Even old Aaron is tolerably happy--for he can grumble to his heart's content. He could not cease from doing that. Partly at Dorothy, though she does not mind it, partly at his friends in general. He is a great man of an evening in the sanded parlour of the Leaning Gate, or the Fisherman's Arms. A special chair is placed for him, and he, between the intervals of growling at the world, tells anecdotes of forty years ago to the deferential company smoking around.

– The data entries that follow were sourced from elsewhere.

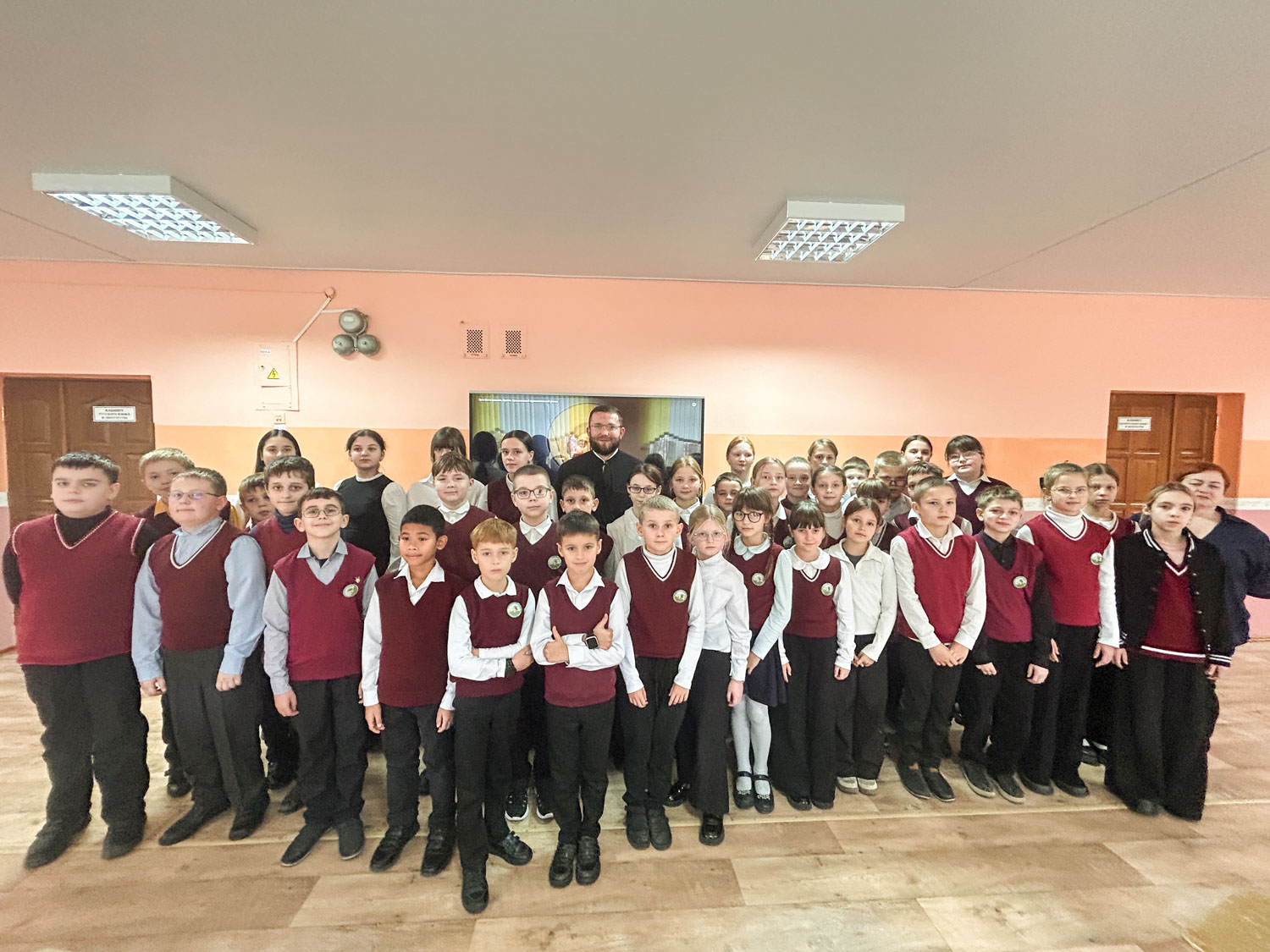 Диакон Димитрий обратил внимание ребят на те грехи и заблуждения, которые человек может совершать как по отношению к себе, так и по отношению к ближнему: равнодушие, эгоизм, несправедливость, пренебрежение к своей совести и обязанностям перед другими. В доступной и тёплой форме он говорил о важности самоуважения, честности, милосердия и ответственности за свои поступки. Особое внимание было уделено идее прощения и возможности изменения через покаяние и добрые дела.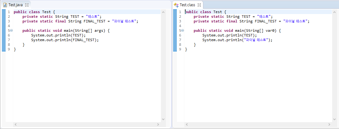 왼쪽 자바파일을 컴파일하여 생성된 클래스파일을 디컴파일러를 통해 열어보니 오른쪽 Test.class와 같았다.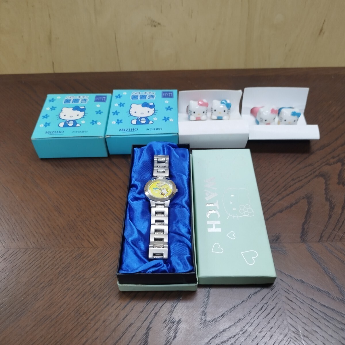 > 戸06b サンリオ ハローキティ 腕時計 レトロ 箸置き みずほ銀行 ノベルティ 希少レア セット売り おまとめ 箱付き 美品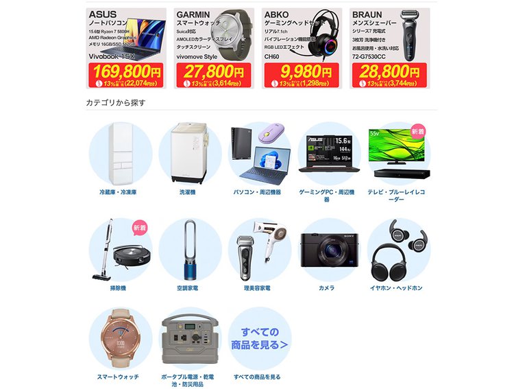 そのセール品の内容だが、AmazonのスマイルSALEの対象商品とは、良い意味で“被り”が少なく、明らかにヨドバシの方が安い商品が多くなっている。さらにヨドバシ.comは、5月6日まで、通常10%ポイント還元商品の多くを13%ポイント還元している。販売価格がAmazonに比べて安いのはもちろん、それに加えて大きなポイント還元も行われるとあって、とてもお得な状況になっている。

Mrs. Keen, active as of yore, is assisted in her duties by Susan. Time has laid its healing hand upon their sorrows. Poor Susan will never be quite bright, and that half-dazed look is sometimes to be seen on her face still; but no sweeter-tempered or more gentle girl is to be met anywhere; and now that the mystery of her sister's fate no longer weighs upon her brain, there is a sort of peacefulness and soft serenity about her which are very attractive. Her greatest treat is to go up to the Hall and see the baby, little Gertrude; and the nurses avow that that youthful tyrant is never so much on her good behaviour as when allowed to rest for a few minutes in Susan's loving arms. But as soon as ever daylight begins to die in the woods round Heron Dyke, when the long corridors of the old house grow dim and the wide staircases become the homes of shadow and mystery, then does Susan resolutely set her face homeward. She who used to haunt the Hall after nightfall, when trying to find the ill-fated Katherine, will not go near it except in broadest daylight.